Material and Methods

The project is composed of four Workpackages (WP):

WP1’s aim is to establish primary standards for the absorbed dose rate to water for eBT devices at 1 cm depth in water, and to establish transfer instruments and corresponding measurement procedures for the dissemination of this quantity to clinical practice.

In WP2, a dosimetric methodology for skin eBT is being established with traceability to a primary standard developed in WP1.

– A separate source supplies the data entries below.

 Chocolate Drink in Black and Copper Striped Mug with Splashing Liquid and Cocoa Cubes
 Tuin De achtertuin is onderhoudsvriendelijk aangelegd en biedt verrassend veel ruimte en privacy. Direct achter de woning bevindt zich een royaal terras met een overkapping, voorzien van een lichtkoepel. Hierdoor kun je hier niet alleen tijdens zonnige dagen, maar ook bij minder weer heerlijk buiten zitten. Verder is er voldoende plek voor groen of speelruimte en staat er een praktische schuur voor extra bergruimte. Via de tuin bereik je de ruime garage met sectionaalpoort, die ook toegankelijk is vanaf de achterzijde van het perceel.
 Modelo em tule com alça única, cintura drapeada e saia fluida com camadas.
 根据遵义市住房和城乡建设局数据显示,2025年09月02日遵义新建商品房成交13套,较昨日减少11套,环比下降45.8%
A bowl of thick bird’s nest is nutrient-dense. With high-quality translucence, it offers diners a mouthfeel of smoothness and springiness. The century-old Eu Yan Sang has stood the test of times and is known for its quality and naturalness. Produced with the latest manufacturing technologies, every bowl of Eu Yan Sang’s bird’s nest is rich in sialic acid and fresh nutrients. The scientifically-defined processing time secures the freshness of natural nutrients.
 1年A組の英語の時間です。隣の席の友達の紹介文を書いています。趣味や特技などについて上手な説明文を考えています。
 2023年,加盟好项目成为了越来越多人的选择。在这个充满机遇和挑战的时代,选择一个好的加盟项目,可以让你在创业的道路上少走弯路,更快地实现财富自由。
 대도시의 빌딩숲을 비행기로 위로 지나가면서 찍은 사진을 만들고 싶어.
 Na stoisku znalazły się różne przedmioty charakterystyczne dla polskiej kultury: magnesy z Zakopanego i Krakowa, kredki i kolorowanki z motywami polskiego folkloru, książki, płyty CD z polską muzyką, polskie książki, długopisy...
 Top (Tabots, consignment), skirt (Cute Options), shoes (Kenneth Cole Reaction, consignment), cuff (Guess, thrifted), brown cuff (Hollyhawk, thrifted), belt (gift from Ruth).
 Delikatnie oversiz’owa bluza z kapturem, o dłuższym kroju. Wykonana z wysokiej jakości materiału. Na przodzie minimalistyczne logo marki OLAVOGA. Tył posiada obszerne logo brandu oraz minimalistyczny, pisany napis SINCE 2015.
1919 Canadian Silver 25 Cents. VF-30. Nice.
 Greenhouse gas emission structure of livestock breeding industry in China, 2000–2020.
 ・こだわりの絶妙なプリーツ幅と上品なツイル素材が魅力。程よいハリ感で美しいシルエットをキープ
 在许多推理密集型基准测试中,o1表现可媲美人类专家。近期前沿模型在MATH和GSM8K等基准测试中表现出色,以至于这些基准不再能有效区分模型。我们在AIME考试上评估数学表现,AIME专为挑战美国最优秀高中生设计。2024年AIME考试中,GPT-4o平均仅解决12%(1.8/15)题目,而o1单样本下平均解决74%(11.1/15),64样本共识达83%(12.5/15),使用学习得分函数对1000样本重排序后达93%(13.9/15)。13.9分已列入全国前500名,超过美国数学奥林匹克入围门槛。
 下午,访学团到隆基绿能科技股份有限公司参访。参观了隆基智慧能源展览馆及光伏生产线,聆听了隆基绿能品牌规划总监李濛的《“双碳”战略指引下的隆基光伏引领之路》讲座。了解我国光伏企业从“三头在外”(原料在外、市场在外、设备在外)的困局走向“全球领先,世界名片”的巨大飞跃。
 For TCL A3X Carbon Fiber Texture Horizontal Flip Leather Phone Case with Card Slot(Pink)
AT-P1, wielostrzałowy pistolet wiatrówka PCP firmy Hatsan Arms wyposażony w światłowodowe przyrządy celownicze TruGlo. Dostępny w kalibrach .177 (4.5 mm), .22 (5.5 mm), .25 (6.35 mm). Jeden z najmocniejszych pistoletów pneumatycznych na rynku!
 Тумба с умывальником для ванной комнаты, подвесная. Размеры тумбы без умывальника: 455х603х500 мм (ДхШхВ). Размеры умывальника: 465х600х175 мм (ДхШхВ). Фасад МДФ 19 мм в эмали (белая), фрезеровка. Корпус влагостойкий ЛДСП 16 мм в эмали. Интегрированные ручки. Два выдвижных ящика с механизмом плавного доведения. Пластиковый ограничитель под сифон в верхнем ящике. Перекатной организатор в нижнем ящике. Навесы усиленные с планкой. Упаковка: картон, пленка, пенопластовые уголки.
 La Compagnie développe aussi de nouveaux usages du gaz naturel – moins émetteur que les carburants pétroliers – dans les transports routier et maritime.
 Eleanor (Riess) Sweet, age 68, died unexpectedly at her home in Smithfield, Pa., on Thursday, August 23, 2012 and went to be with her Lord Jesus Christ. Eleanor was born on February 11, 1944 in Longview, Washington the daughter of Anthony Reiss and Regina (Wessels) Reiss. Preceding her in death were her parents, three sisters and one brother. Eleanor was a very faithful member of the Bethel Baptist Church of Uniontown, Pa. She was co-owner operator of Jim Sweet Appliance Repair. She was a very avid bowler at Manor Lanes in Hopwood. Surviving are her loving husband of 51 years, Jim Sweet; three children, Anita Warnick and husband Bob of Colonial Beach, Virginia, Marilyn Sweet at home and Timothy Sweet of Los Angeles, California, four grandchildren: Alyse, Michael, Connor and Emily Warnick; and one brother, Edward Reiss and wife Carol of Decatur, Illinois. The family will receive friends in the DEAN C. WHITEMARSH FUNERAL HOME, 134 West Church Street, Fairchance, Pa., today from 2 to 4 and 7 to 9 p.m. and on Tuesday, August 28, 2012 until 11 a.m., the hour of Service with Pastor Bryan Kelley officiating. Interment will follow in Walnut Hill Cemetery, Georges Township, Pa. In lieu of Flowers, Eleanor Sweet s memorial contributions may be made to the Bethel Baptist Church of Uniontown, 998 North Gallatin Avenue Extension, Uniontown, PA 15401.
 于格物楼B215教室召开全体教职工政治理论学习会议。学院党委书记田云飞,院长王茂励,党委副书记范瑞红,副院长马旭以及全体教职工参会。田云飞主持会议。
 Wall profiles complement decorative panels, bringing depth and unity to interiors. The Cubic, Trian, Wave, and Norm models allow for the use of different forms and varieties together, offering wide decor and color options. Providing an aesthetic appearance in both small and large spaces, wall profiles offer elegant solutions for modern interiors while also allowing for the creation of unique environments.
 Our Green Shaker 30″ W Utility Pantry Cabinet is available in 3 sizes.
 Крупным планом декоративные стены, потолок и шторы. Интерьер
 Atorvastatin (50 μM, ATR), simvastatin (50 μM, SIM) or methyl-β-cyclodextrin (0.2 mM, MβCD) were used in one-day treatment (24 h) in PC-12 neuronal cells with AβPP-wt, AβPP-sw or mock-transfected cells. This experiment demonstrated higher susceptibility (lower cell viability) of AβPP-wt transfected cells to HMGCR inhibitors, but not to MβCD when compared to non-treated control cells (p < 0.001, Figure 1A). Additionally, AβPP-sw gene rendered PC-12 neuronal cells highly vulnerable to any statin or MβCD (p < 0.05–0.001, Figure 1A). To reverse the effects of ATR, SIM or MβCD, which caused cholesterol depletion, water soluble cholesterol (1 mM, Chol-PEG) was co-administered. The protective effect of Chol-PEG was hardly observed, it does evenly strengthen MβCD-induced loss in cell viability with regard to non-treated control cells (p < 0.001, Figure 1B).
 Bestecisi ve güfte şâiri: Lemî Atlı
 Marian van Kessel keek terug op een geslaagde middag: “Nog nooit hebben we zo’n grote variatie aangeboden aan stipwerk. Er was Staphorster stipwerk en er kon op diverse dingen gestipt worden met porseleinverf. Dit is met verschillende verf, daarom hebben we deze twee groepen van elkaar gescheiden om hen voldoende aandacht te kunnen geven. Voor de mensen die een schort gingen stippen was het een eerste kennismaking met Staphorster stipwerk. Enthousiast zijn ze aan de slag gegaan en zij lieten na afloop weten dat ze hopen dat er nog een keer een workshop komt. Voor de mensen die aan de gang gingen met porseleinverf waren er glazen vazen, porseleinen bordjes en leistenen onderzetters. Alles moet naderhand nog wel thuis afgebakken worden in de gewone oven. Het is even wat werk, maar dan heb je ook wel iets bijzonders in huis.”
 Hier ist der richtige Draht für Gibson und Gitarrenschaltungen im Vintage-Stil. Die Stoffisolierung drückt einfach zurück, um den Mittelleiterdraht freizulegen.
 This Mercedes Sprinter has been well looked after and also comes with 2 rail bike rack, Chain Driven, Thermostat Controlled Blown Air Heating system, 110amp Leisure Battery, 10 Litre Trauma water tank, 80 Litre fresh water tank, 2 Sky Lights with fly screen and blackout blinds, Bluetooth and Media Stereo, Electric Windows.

In WP3, detectors and measurement instruments suitable for the determination of 3D dose distributions in water by eBT devices are characterised to develop a standardised traceable calibration process.

With these detectors, traceable dosimetry to determine 3D dose distributions in water is being established in WP4 to provide availability for the end-user community.

Results

Established primary standards, methodologies for traceability, and detectors characterization are highlighted and discussed in the presentation.
E.g. a catalogue of eBT and eBT-equivalent X-ray photon fluence spectra was compiled from data available in literature, obtained from manufacturers, and measured or created during the project. The catalogue is available on the project website and it provides a basis for spectrometry and dosimetry of eBT sources. Using a plastic scintillator detector, the dose profile and depth-dose curve for an eBT source were determined with a precision better than 2.5%. It will be discussed which methods have proven to be successful and which methods were withdrawn from additional consideration.

Conclusion

An outlook will be given which further results might be achieved by the end of the project at the end of 2022.

ACKNOWLEDGEMENT
This project 18NRM02 PRISM-eBT has received funding from the EMPIR programme co-financed by the Participating States and from the European Union’s Horizon 2020 research and innovation programme.